And the people who lost some of their money by investing in a volatile new
market, then tried to gamble their way back to a break-even point and lost?
They bear no responsibility for this? Instead, your solution is to outlaw
gambling?

Sometimes I despair of my fellow man. By the way, I don't even gamble (in my
entire life, I've gambled one single time, not counting two-dollar NCAA
basketball pools in HS).

But it really disturbs me how people want to just outlaw what people should be
free to do if they wish. Do you have any idea what they're doing to gamblers
because of laws like you're advocating? They're sending in SWAT squads in
massive raids, where the "target" frequently ends up shot, or at least their
dog.

What about alcohol, do you want to outlaw that? It sure causes a lot of
problems. Why not just return to Prohibition?

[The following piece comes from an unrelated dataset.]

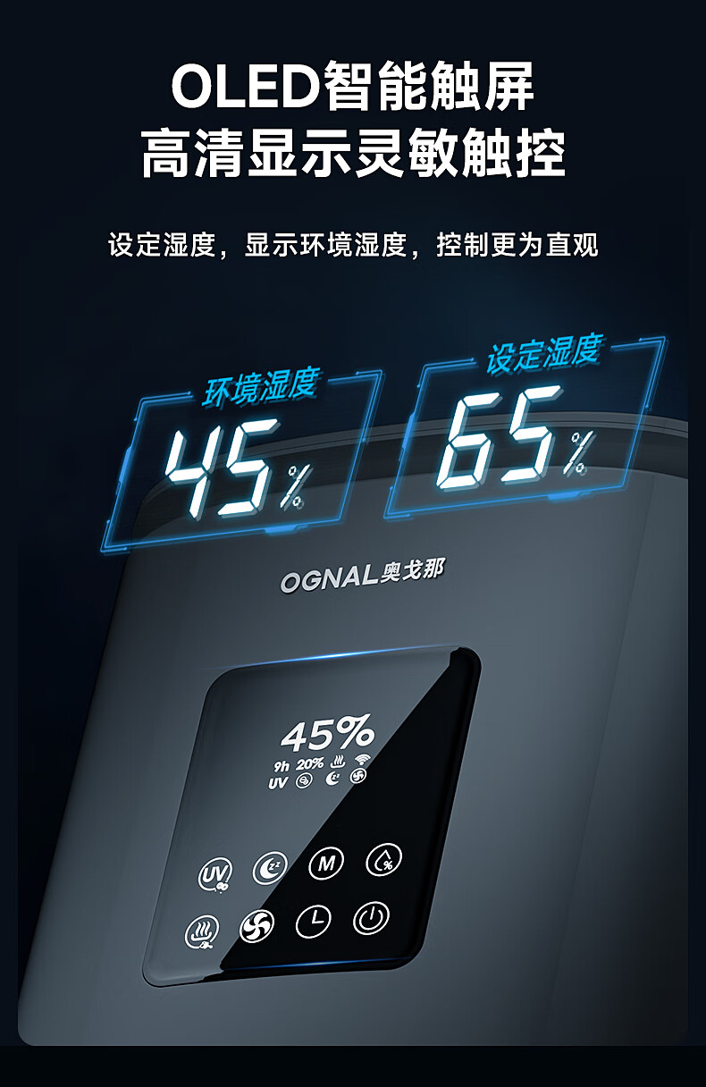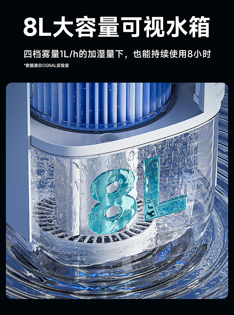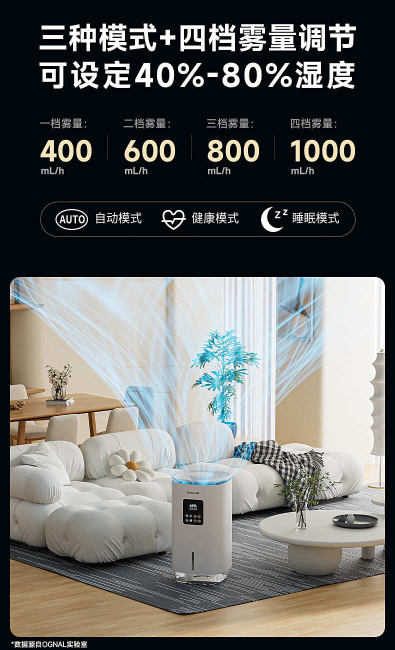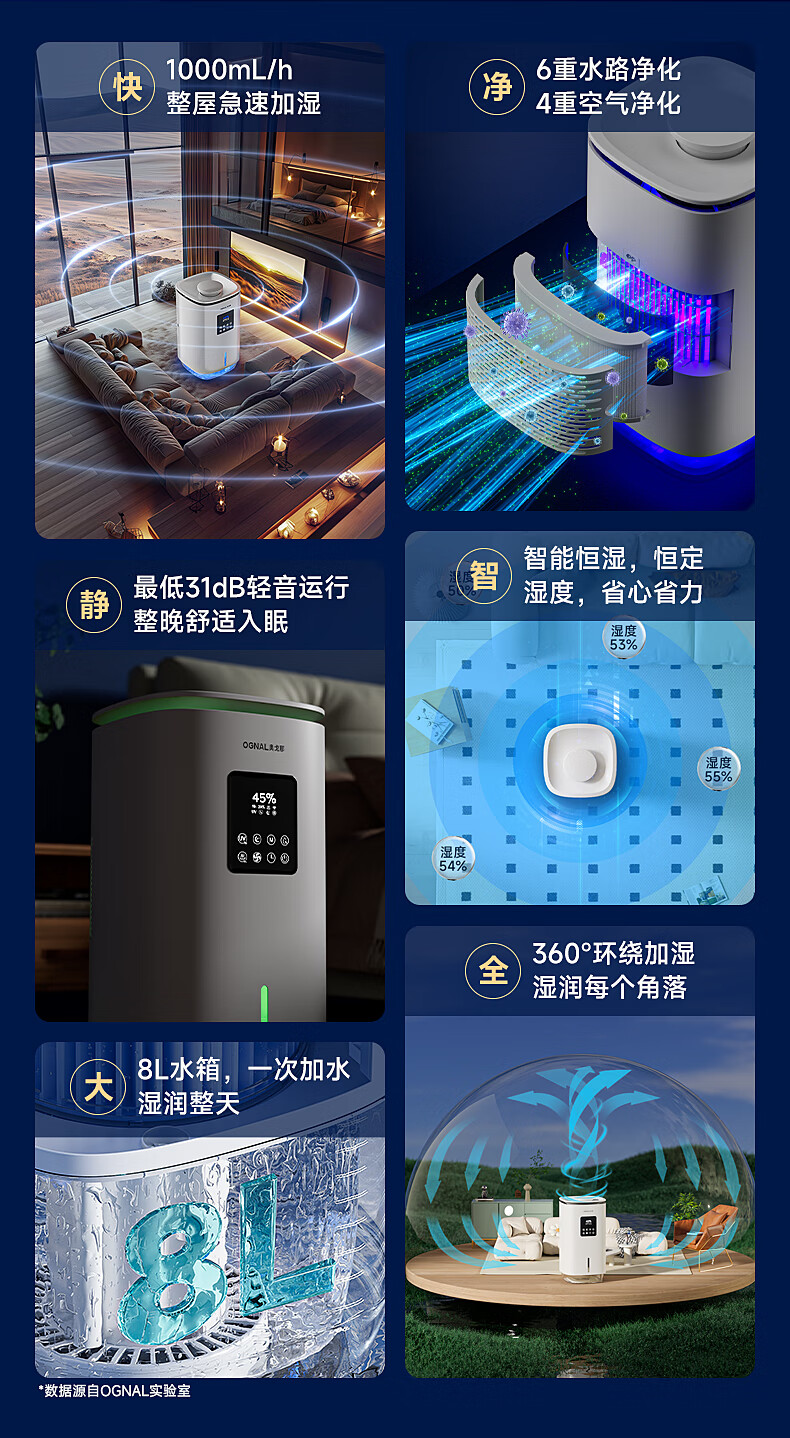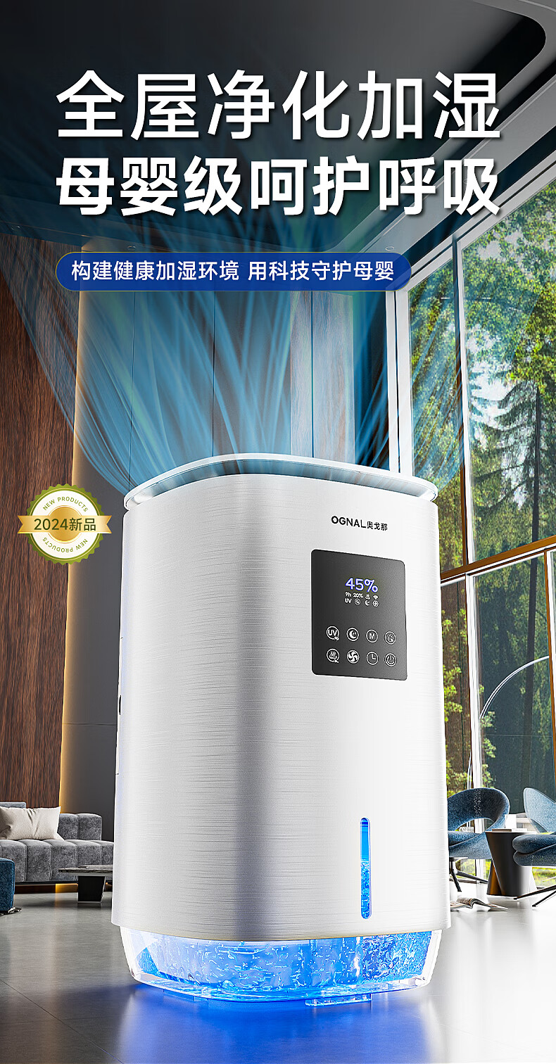 奥戈那OGNAL无雾加湿器家用轻音卧室母婴除菌空气净化大雾量落地式冷热蒸发办公室客厅大面积增湿 智能杀菌款

On the other hand, if some powerful Bitcoin player somehow has insider
information on Gox's (in)solvency (quite possible) and is still trying to sell
Gox coins or Gox bucks that he/she knows to be worthless, that's clearly
crossed the line into fraud, and existing fraud regulations are more than
adequate for that. Absolutely no additional regulation is needed to prosecute
that (see what's happening to pirateat40). However, I have not seen that this
is happening, so I'd like to see the thread you're referring to. As it is,
your position on gambling makes me extremely skeptical toward your claims.

Edit: OK, edited out "are you fucking kidding me". I apologize to fellow HNers
for such an emotional comment -- first time ever (check my history). But I'm
so tired of people calling for more laws when we're _so_ close to living in a
police state.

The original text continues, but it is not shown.